1. I made a new rose bed end of last summer and it is ready for planting when my bareroot Austin order arrives in spring. I really do miss my roses and June is just too long to wait.

2. I am going to order more daylilies for spring, probably from Ollalie. Because they have so many late-blooming varieties that will carry on the season after most of the rest of them peak in July.

3. I have scanned through some of the seed catalogs and will place my orders next week when my kid goes back to school. I am going to try leeks for the first time.

4. I will be eagerly awaiting bloom from all the Japanese and Siberian irises I planted last year.

5. I am trying really hard to put off that 9 yard order of mulch (the amount I'll need, at least, in order to mulch all my gardens). I mulched 9 yards the summer before last and I remember a)the expense; and b)several weekends of hauling wheelbarrow after wheelbarrow from the mountain at the end of my driveway into the garden. This fall we were able to cover the smaller beds with several inches of shredded leaves and also used pine needles. I am hoping these hold up so I won't need to mulch them this year. But the main garden will need mulch, and we don't have anywhere near enough bags of leaves in reserve.

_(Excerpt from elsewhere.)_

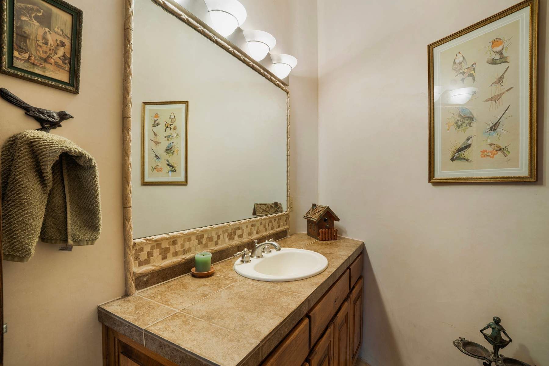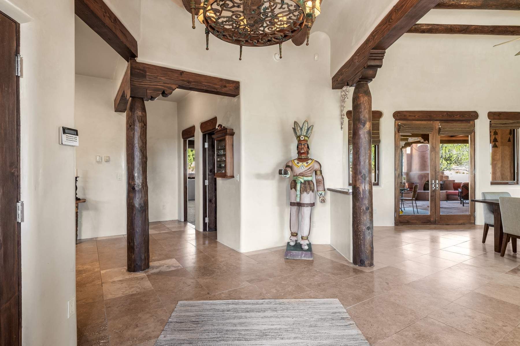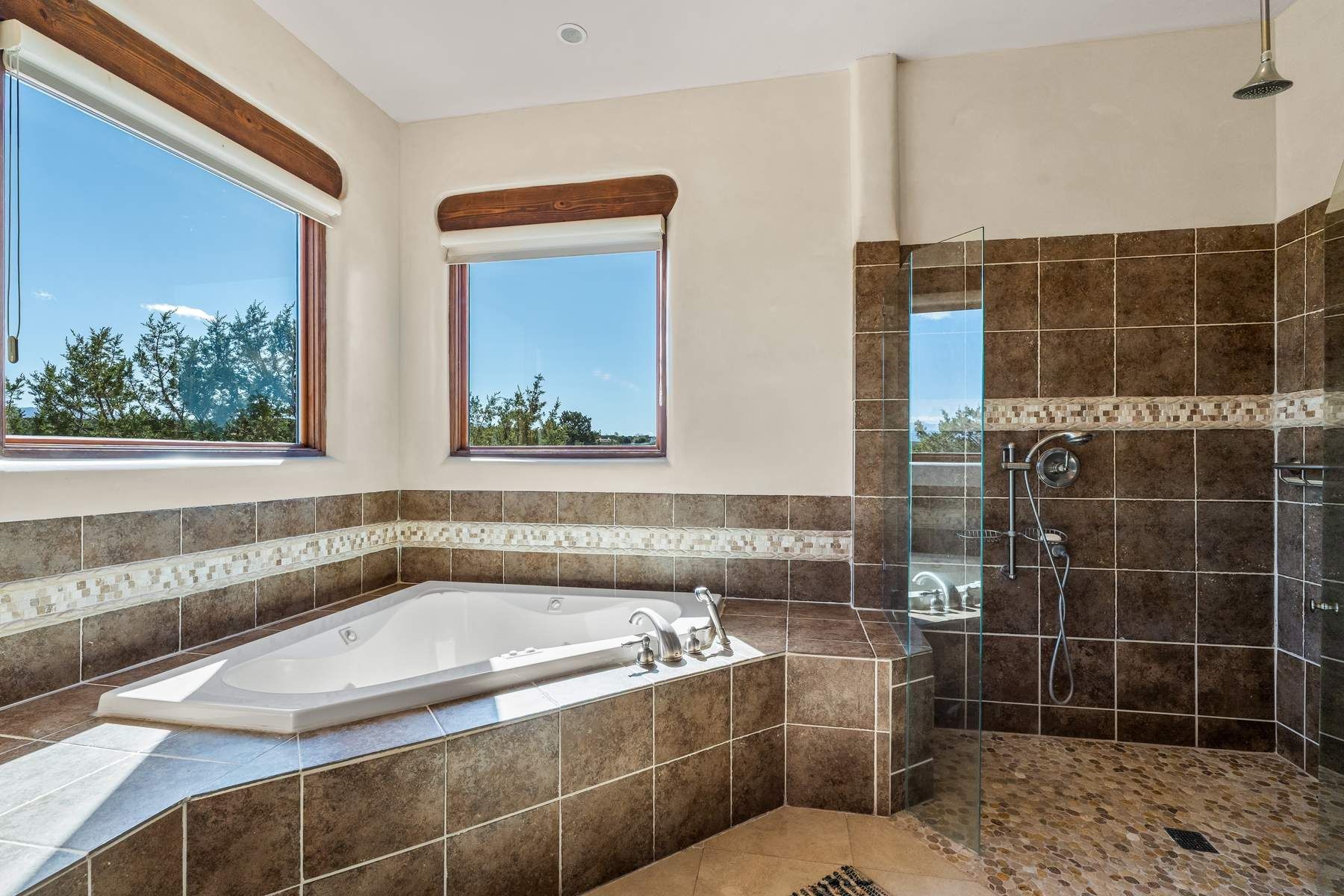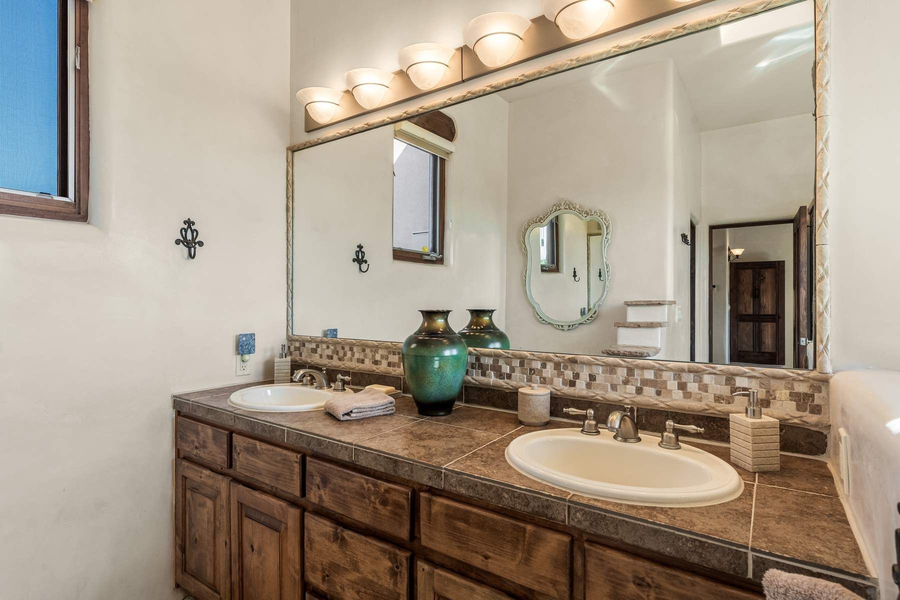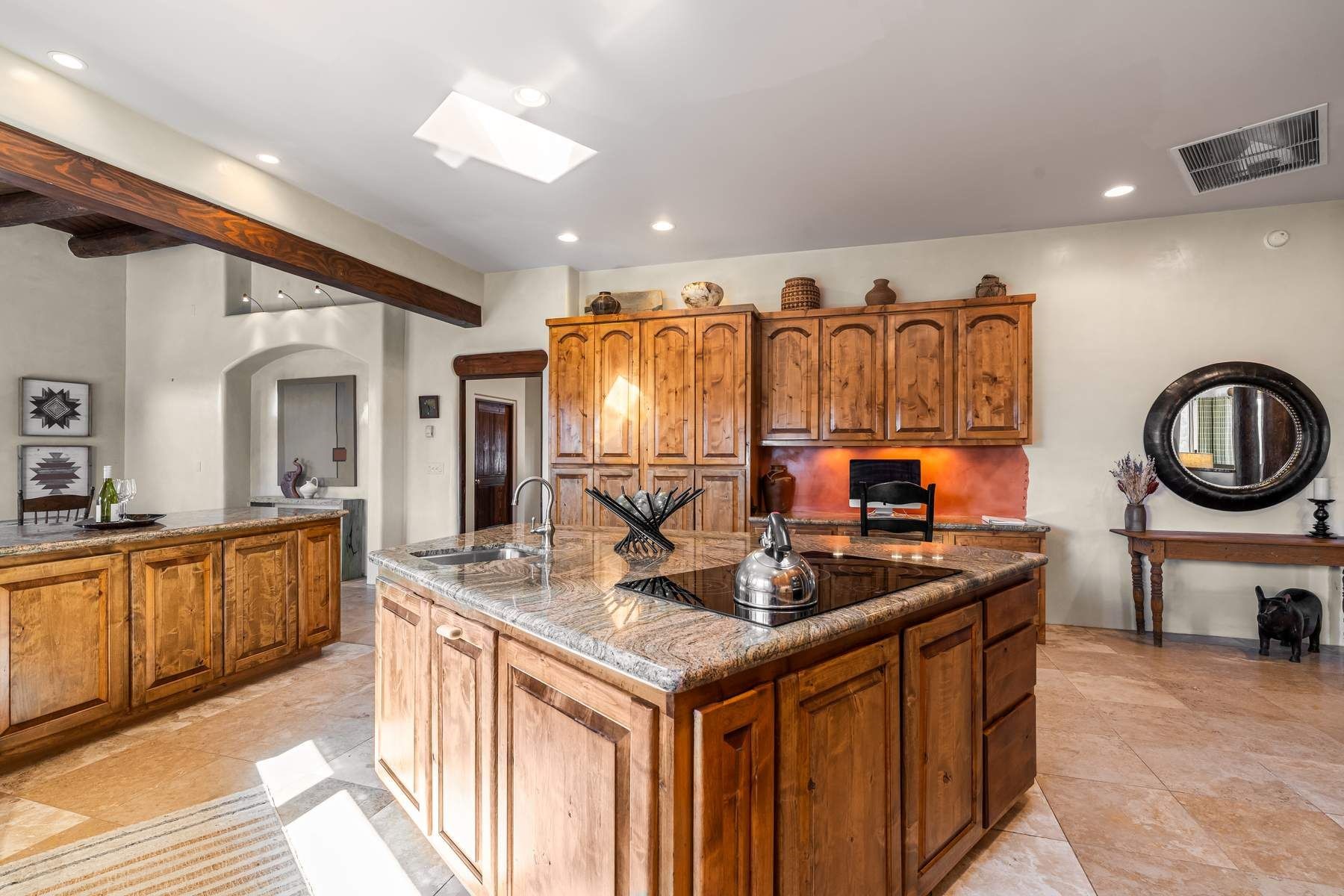 Single-level Pueblo Revival home on 2.86 acres with Sangre de Cristo mountain views, located just 13 minutes from the Santa Fe Plaza. Built in 2005, this 3,486 sq ft residence offers no interior steps, high ceilings, and classic Santa Fe architectural details designed for comfortable living and entertaining. Diamond plaster walls, coved viga ceilings, travertine tile floors, nichos, bancos, skylights, and corbels define the interior, along with four wood-burning kiva fireplaces, including one on the outdoor portal. The great room opens through French doors to a covered rear portal with kiva fireplace, sunshade, and landscaped privacy wall, creating a strong indoor-outdoor living connection. The kitchen features abundant wood cabinetry, granite countertops, a large island with second sink, built-in desk area, and flows into an additional gathering space with its own kiva fireplace. A separate laundry room with sink and cabinetry opens to a side yard with an established herb garden. Three en-suite bedrooms and five bathrooms provide flexibility and privacy. The primary suite includes a kiva fireplace, large walk-in closet, French doors to a portal, and a generous flex space suitable for office, gym, or studio use. ADA-compliant front entry and primary bathroom shower add accessibility. Comfort systems include in-floor radiant heating and evaporative cooling. Recent improvements include full re-stucco of the home and rear privacy wall (2023) and partial TPO roof replacement (2023). Additional features include a heated 3-car garage with RV bay, workshop or studio space, central vacuum, ample parking, rock fountain, native plant landscaping, and flagstone walkways. Located near La Tierra trail access and with no HOA, this property offers a combination of single-level living, acreage, architectural detail, and proximity to Santa Fe.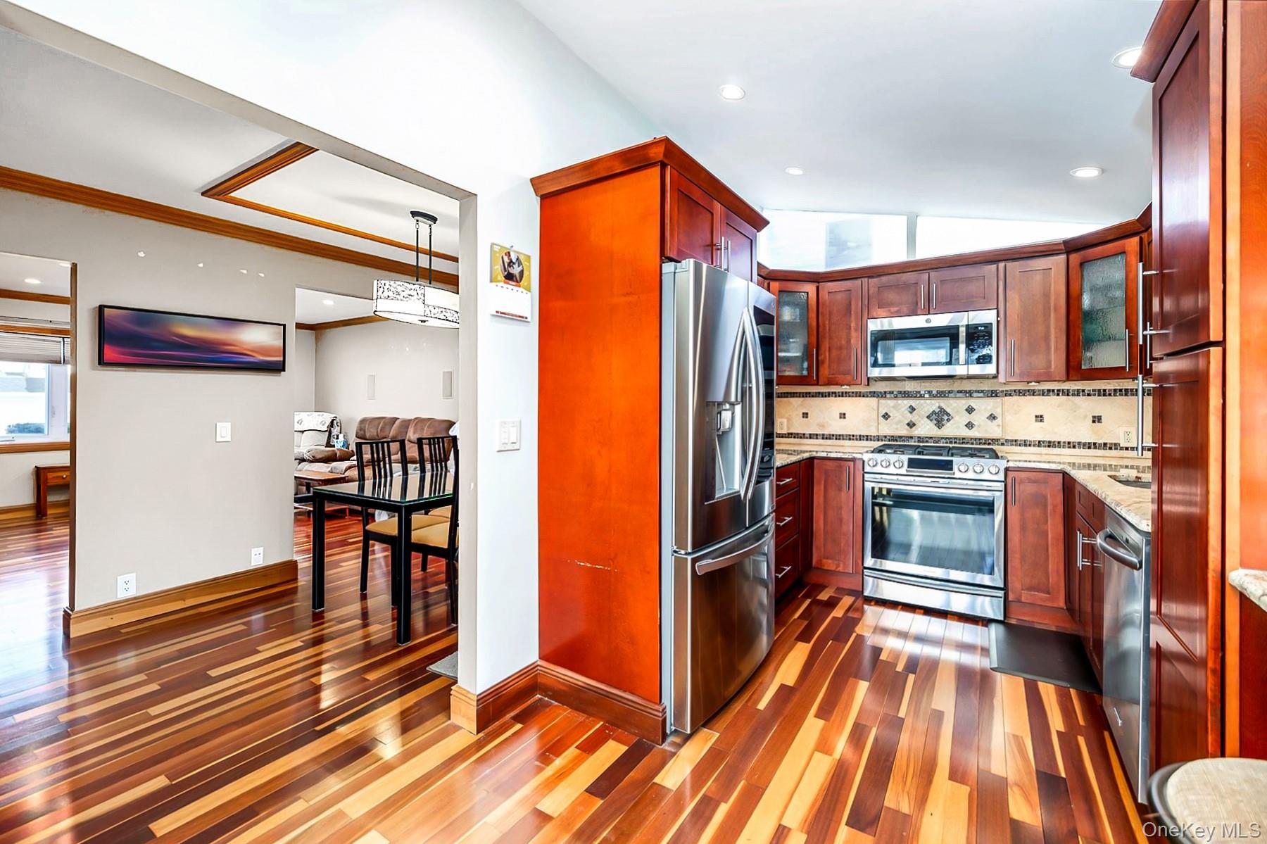 We’ve got your catch of the day right here on Fish Avenue in North Bellmore! This beautifully maintained 4-bedroom, 2-full-bath Cape blends classic charm with thoughtful updates and major system upgrades throughout. The current owners have cared for this home with incredible attention and pride, and it truly shows from the moment you arrive. The bright, updated kitchen is filled with natural light and features stainless steel appliances, including an LG French door InstaView refrigerator, gas cooking, and dishwasher. Brazilian Cherry hardwood floors run through the living room, dining room, kitchen, and hallways, adding warmth and character to the main living areas. A full finished basement provides additional versatile living space, and both the basement and bathrooms feature heated floors for added comfort. Comfort and efficiency are well covered with central air, a brand new gas forced-air furnace (2026), PureAir air purification system with UV sterilizer, and a natural gas tankless hot water heater (2025). Additional upgrades include a whole-house water filtration system, 200-amp electric service with surge protector, and a generator transfer switch with exterior outlet. The backyard is truly something special. An incredible koi pond creates a peaceful, one-of-a-kind setting where you can relax and unwind while enjoying the calming sounds of the water. The space is complemented by a Trex deck (2019), paver patio with canopy, manicured landscaping, and a custom stone built-in XO 36” stainless steel propane BBQ — perfect for entertaining or quiet evenings at home. An Andersen sliding door with built-in blinds connects the indoor and outdoor spaces beautifully. Additional highlights include Andersen kitchen windows (2017), a custom stair railing, updated paver walkway and stoop, and a full-length driveway leading to a 1. 5-car garage with professional slat wall organization. A truly special home in the heart of North Bellmore that reflects years of care, pride of ownership, and thoughtful upgrades — this one is a keeper!

6. This is going to be a busy summer for me. I am heading up the garden tour in July. Our garden club is undertaking a renovation project on the grounds of our library. The museum director just asked me yesterday if I could help design a Shaker herb garden on the museum grounds to coordinate with a Shaker exhibit in August. We are going to have a garage/house addition built and I will probably go crazy trying to figure out what to plant around the new foundation and along the new driveway, and I am already worried about how the drainage will be affected for my new iris garden. And my client's gardens really really need mulch next year (more hours of work for me). Plus everything that needs to be done in my own garden.

Share your thoughts?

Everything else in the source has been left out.